В спокойной мелодии Улькиорры спрятались беспокойные нотки: у него есть вопросы, ответ на которые даст только глупая человеческая девочка.
Музыка Айзена была мрачной, красивой и обречённой.
- Ответь мне, Иноуэ Орихимэ: что ты чувствуешь сейчас?
- Музыка… Я слышу музыку.
- Вот как. Значит, для каждого Хогиоку открывается по-разному, - тон Айзена серьёзен, без обычных нот снисходительности. - Занимательно. Благодарю тебя за помощь, дитя. А сейчас я хочу отдать тебе одну вещь.
Айзен поднялся с места, забрал шарик и влил в него каплю своей духовной силы. От плотной материи отделилась частица и доверчиво скользнула к Орихимэ.
- Что я должна делать с этим?
- Тебе решать. Оставь себе, выброси, если пожелаешь, или отдай. Это неважно, – на миг показалось, что в глазах Айзена мелькнул интерес, но вскоре его лицо приняло бесстрастное выражение. - Не смею больше задерживать. Улькиорра проводит тебя.
- Чья ты, звёздочка? – много позже спросила Орихимэ у маленькой песчинки на своих ладонях, ежась от холода в углу пустой комнаты.
Ответа не было.
***
За её спиной задрожала и обрушилась башня. Белые камни разного размера перекатывались по сухой земле, обращаясь в пыль и смешиваясь с бесконечными песками пустыни. Исполинский Лас Ночес, ранее казавшийся неприступной твердыней, и прилегающие постройки теперь выглядели хрупко и неустойчиво. Не пройдёт и года, как разрушительная сила Уэко возьмёт своё, возвращая этот мир в первозданное царство хаоса.
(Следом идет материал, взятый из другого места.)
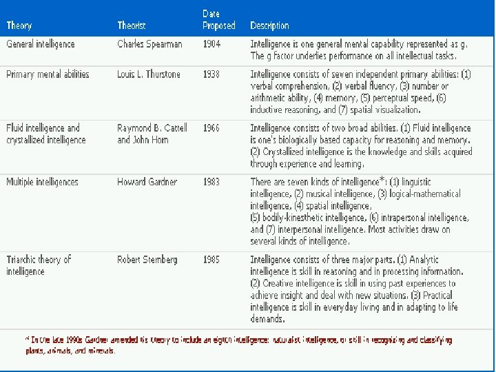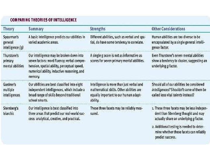 • Charles Spearman’ Two factor theory His hypothesis is all intellectual tasks must entail the exercise of a factor known as general intelligence(g factor) In examining correlation of various subsets of intelligence, he found that certain subsets tend to correlate higher than others Each individual type of item requiring "specific factor" called "S" factor.

Исида не отходил от Орихимэ ни на шаг. Словно боялся, что после всех пережитых опасностей и несчастий опять случится что-то непоправимое. Разверзнутся чёрные небеса, из ада вырвутся полчища демонов или восстанет побеждённая Эспада. Орихиме благодарно улыбалась ему и, срываясь на бег, спешила обратно в замок. Там страшный капитан-шинигами откроет проход и наконец вернёт их домой.
Музыка звала её в мир живых.
Страшно. Страшно смотреть на дымящиеся развалины родного города и постоянно напоминать себе, что всё это – ненастоящее. Дым, обманка, которая растает по щелчку пальцев Урахары.
А краешек глаза упрямо запоминал картину разрушенного дома Тацки и дымящуюся воронку, оставшуюся на месте школы.
- Я.. я должна помочь, - робко проговорила Орихиме, пересиливая чувство, отчаянно тянущее её дальше, прочь из этого ужасного места. – Я смогу излечить всех.
- С возвращением, Орихимэ-тян, - рядом неожиданно появился капитан восьмого отряда. - Не волнуйся, здесь уже поработала Унохана-тайчо. Поспешите к Куросаки Ичиго, ребятишки, мы же не хотим, чтобы наш герой волновался почём зря?
За спиной шинигами открылись врата миров. Орихимэ прикрыла глаза ладонью, заслоняясь от слишком яркого света. После монохромного однообразия обители пустых яркие краски всё ещё слепили её взор.
И снова впереди дорога в Общество Душ. Орихиме уже дважды приходилось бывать здесь и каждый раз не был похож на предыдущий. Хотелось бы верить, что третья попытка окажется счастливой.
- Стоит на месте ваша Каракура, никуда не делась! - радостно прокричал ушедший вперёд Ренджи, ступая на тротуар главной улицы города. Всё вокруг выглядело сюрреалистично тихим, будто замершим в ожидании чего-то невероятного. Наверное, точно таким же был замок Спящей Красавицы, когда добрая фея усыпила всех на сто лет, пока не истечёт срок проклятия, решила Орихиме.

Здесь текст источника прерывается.